**Exercise brief:**
Filter the entries below, keeping only lines with "RotaCare".
Start of Source data
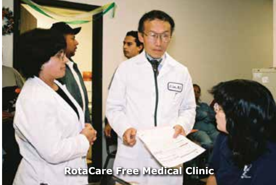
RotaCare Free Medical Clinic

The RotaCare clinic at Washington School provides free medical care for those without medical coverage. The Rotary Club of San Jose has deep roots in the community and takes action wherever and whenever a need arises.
End of Source data
Start of Source data
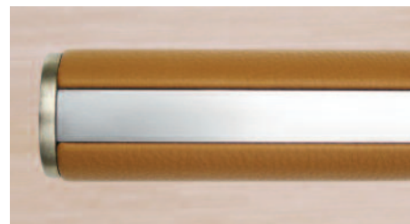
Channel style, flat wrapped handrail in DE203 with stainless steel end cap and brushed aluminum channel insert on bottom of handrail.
End of Source data
**Solved exercise:**
RotaCare Free Medical Clinic
The RotaCare clinic at Washington School provides free medical care for those without medical coverage. The Rotary Club of San Jose has deep roots in the community and takes action wherever and whenever a need arises.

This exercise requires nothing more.